■ Your goal: Everything in the listing below should be written out again exactly, except the pictures.

■ Dataset content:
════════════════════
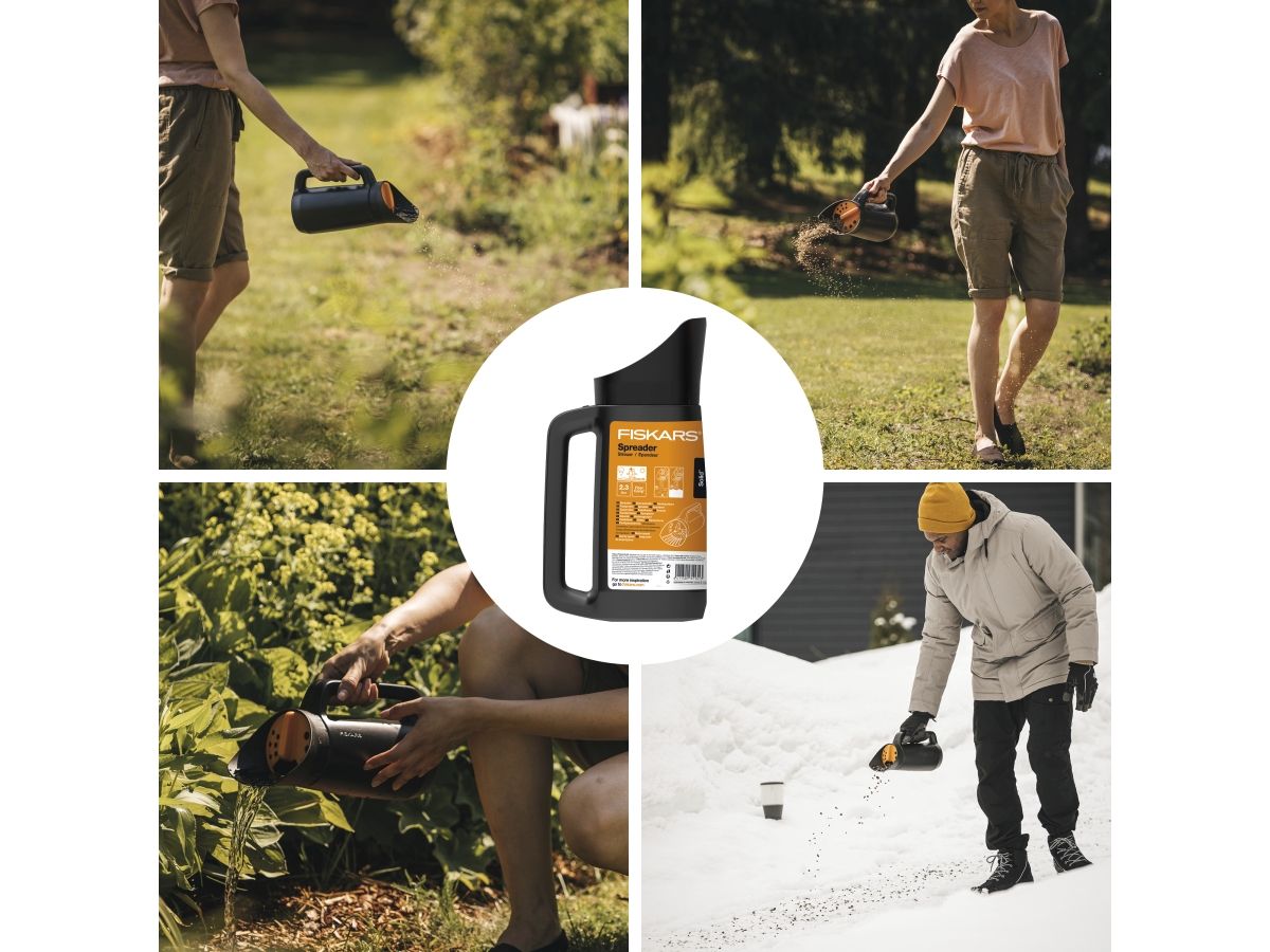 Легкая посадка. Сейте различные семена, удобряйте растения и посыпайте дорожки зимой солью с помощью разбрасывателя Solid. Заполните емкость семенами, наденьте крышку, выберите желаемую форму ячеек, закрутите и сейте.
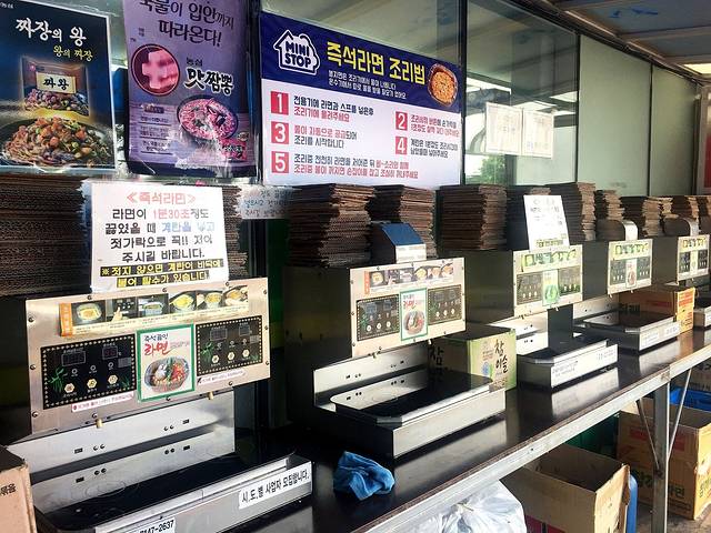 这汉江边儿上的泡面系统简直太发达了!据说这个拥有煮面机器的便利店叫ministop,好腻害!不会韩语如我,看图示完全没问题,如果买了笨鸡蛋,中间还有加蛋的环节,老高级了!(因为那天晚上一片狼藉,只好网上盗图来张干净的~)
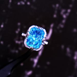 K铂金CNC彩宝钻石蓝色妖姬钻戒
════════════════════
■ Solved exercise:
 Легкая посадка. Сейте различные семена, удобряйте растения и посыпайте дорожки зимой солью с помощью разбрасывателя Solid. Заполните емкость семенами, наденьте крышку, выберите желаемую форму ячеек, закрутите и сейте.
 这汉江边儿上的泡面系统简直太发达了!据说这个拥有煮面机器的便利店叫ministop,好腻害!不会韩语如我,看图示完全没问题,如果买了笨鸡蛋,中间还有加蛋的环节,老高级了!(因为那天晚上一片狼藉,只好网上盗图来张干净的~)
 K铂金CNC彩宝钻石蓝色妖姬钻戒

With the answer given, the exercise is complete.